## What is expected
Restate the data word for word. Leave the pictures out.

## Material provided
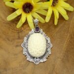 Spesifikasi Produk:Metal: Perak 92.5%Permata: Tulang Ov (19x27mm) & Amethyst/ Garnet (Ov, 5×7 mm)Panjang: 58 mmLebar: 33 mmBerat: 12.5 gr
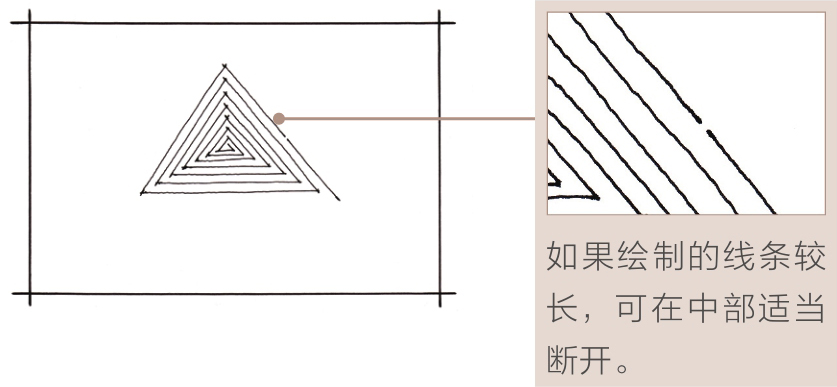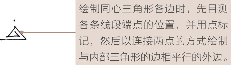 下面主要讲解多重同心三角形的手绘方法,重点训练徒手绘制平行线的控线能力。由于徒手划线绘制平行线难度较大,因此建议大家使用拖线的方式绘制。
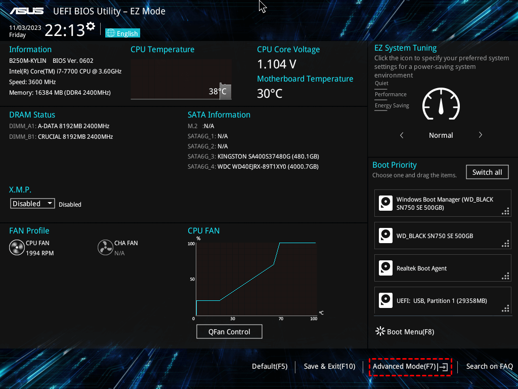4. After entering the BIOS configuration, use the cursor to click [Advanced Mode] that the screen displayed.

## Result for this task
 Spesifikasi Produk:Metal: Perak 92.5%Permata: Tulang Ov (19x27mm) & Amethyst/ Garnet (Ov, 5×7 mm)Panjang: 58 mmLebar: 33 mmBerat: 12.5 gr
 下面主要讲解多重同心三角形的手绘方法,重点训练徒手绘制平行线的控线能力。由于徒手划线绘制平行线难度较大,因此建议大家使用拖线的方式绘制。
4. After entering the BIOS configuration, use the cursor to click [Advanced Mode] that the screen displayed.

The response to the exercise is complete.